For years, and especially after the military surge brought on by the wars in Iraq and Afghanistan, the State Department has generally played second fiddle to the Pentagon on foreign policy. The budgets of each tell that story best—in the continuing resolution for fiscal year 2011, for example, the base budget for Defense was about 10 times greater than the State Department's. However, with Gates out the picture, Clinton will be the last high-profile international figure left standing in the cabinet, and now could be her window to assert more of her department's influence over the nation's security. "As Gates phases out this week and Panetta phases in, there's going to be an opportunity for Secretary Clinton to really start making her voice even more heard in national security, and not just diplomacy and not just foreign assistance," says Stephanie Sanok, a senior fellow at the Center for Strategic and International Studies.
How wide Clinton's window is and how far any added influence will take her, however, depend on some unknowns. Panetta, himself, is one. Another, and perhaps more important, issue is whether the American public and members of Congress would even be willing to spend more—or at very least, not spend less—on the State Department.
To start, Clinton's standing in the cabinet hinges partly on her relationship with Panetta, which goes back as far as her husband's administration, when Panetta was pulled from Congress to work as Bill Clinton's budget man and later chief of staff. Panetta, a veteran but low-key Washington hand, has remained mostly out of the public scene, even while making a name for himself as the CIA director in charge when America killed al Qaeda leader Osama bin Laden. Contrast that with a current cabinet member who made a nationwide, headline run for the presidency just a few years ago.

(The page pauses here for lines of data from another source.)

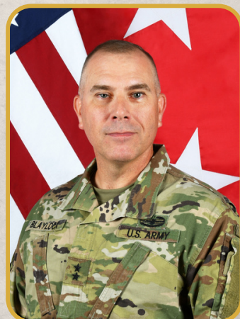
MG WILLIAM BLAYLOCK COMMANDING GENERAL

In addition, keep your mission focus and continue to work hard. I continue to be amazed and proud of everyone's hard work. However, our job is not done. We must remain vigilant and continue to look out for each other and your battle buddies as well.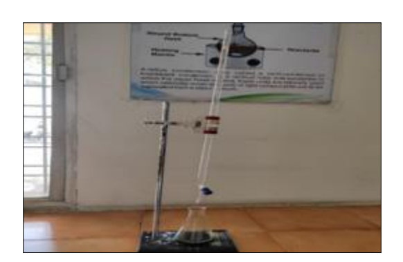
Figure No. 22:- Acid value determination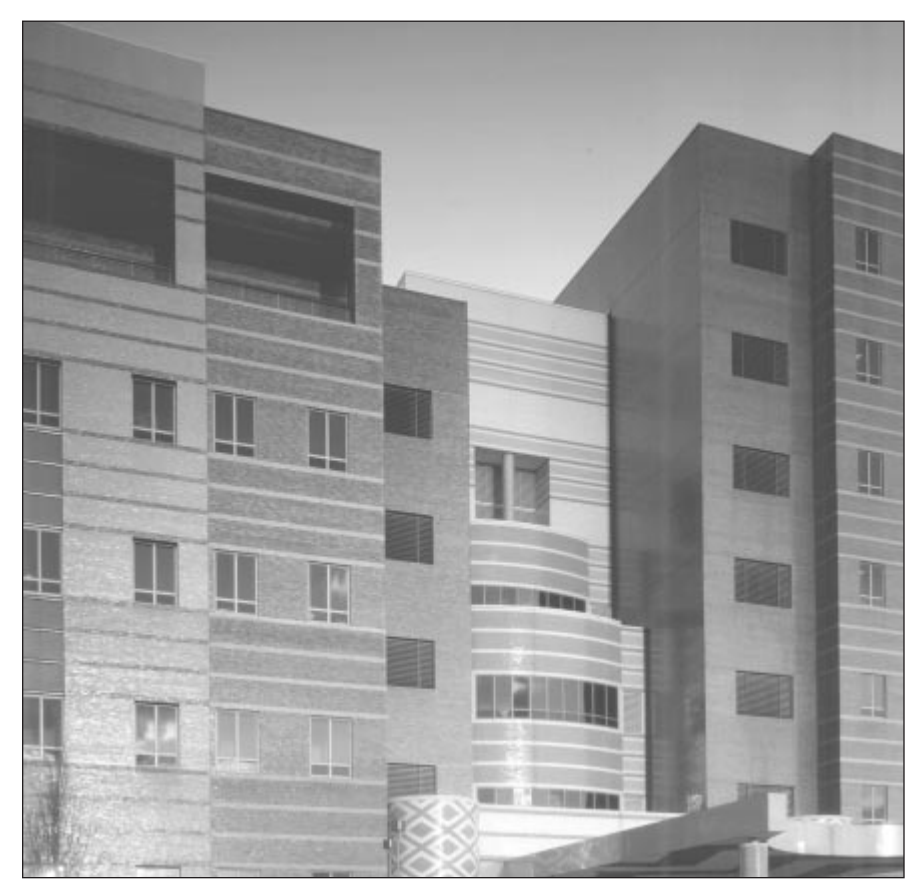
Architects Smith, Hinchman & Grylls used mortar cement mortar and brick of differing color and texture to define distinct building areas within a unified visual theme on the Veterans Administration Hospital in Detroit.

Availability: Mortar cements are regionally available in the United States and Canada from a network of dealers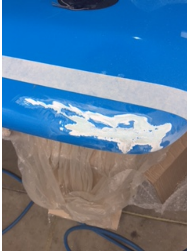
Repair area after grinding.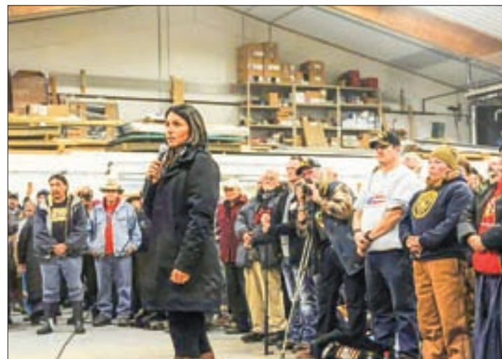
Tulsi Gabbard, Democratic Representative from Hawaii.

WASHINGTON — Democratic US Representative Tulsi Gabbard said on Wednesday she met with Syrian President Bashar al-Assad in Syria and discussed the possibility of achieving peace.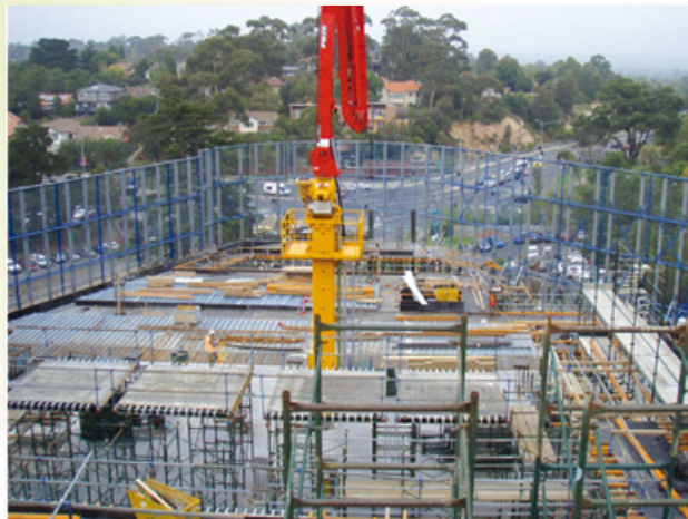
Formwork being erected for Level 5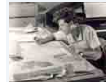
Lukas Foss in his Casa Rustica studio at the AAR, ca. 1951.

"A five-note chord dominates the composition. It is endlessly repeated, varied, permuted, transposed and inverted. It invades the entire piece via persistent, pulsating, echoing and crisscrossing quarter notes. Toward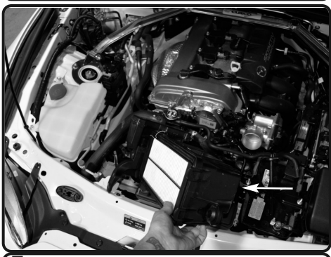
7. Now carefully remove the bottom air box assembly by pulling up from vehicle.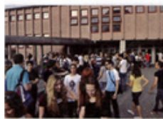
4. a school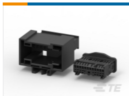
TE Part #2-1718333-1 MOS, CONNECTOR HOUSING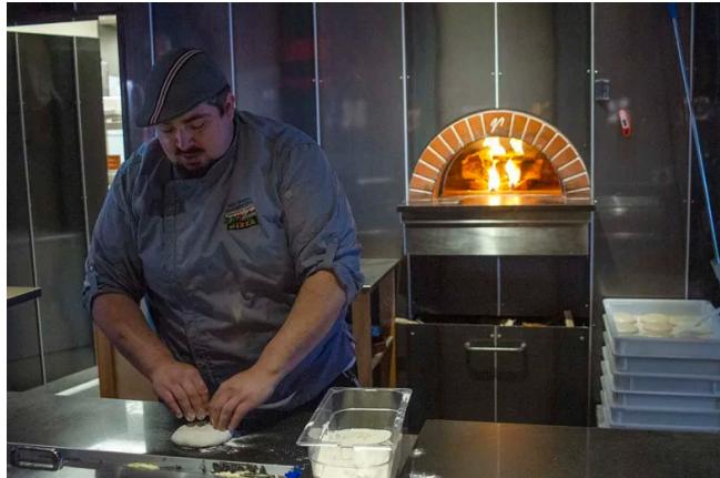
Image: Maggie's Farm Wood-fired Pizza. 1308 Melrose Ave., Iowa City.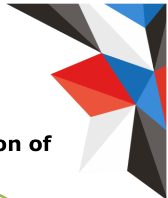
Distribution of projects by the end date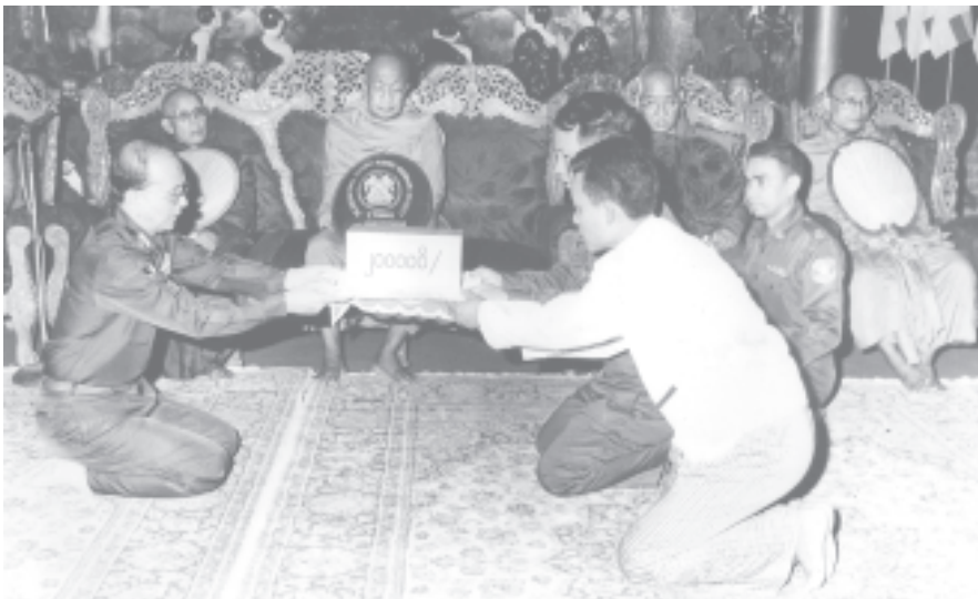
Secretary-2 Lt-Gen Thein Sein accepts K 200,000 from wellwishers at the ceremony to offer provisions to monasteries and nunneries in Thingangyun Township.

YANGON, 12 Sept— Families of Defence Services (Army, Navy and Air) and wellwishers donated rice, oil, salt, gram and cash to 12 monasteries and a nunnery in Hlinethaya Township, Yangon North District, this afternoon.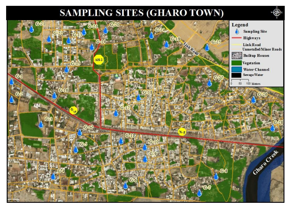
Figure 1. Map of sampling sites of Gharo city.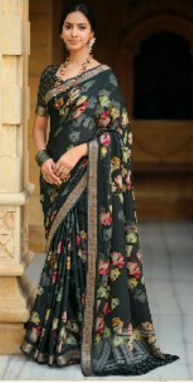
DN /// 1002

Mark Helmke, spokesman for Sen. Richard Lugar, the top Republican on the Senate Foreign Relations Committee, says it wouldn't be surprising to see Panetta defer to Clinton as the cabinet's international frontman. "Panetta's really never been a very out-front kind of guy as much as Hillary has been, although he was a congressman," Helmke says. "My guess, knowing Panetta, is that he would naturally let her take the lead on this stuff, as he manages other things."
But, where Gates had been willing to rally along with Clinton for more foreign assistance under State as part of national security, Panetta hasn't made his intentions clear, says Richard Weitz, director of the Center for Political-Military Analysis at the Hudson Institute, a conservative-leaning think-tank in Washington. As a result, Clinton may have to become more outspoken in order to bring attention to her department's priorities abroad, particularly amid the budget-cutting atmosphere in Washington. "It's not clear that Panetta has the same commitment to boosting the nonmilitary tools...especially if he's going to make an effort, which he might, to cut back a lot on military spending," says Weitz. "He may not want to further antagonize his military constituency by pushing for more funding going to State."
As secretary of state, Clinton has already been rather bold in expressing her views on national security. Most recently, she drew ire from members of Congress after questioning their commitment to the NATO mission in Libya. "Whose side are you on?" she asked at a recent press conference in Jamaica. "Are you on Qadhafi's side or are you on the side of the aspirations of the Libyan people and the international coalition that has been created to support them?"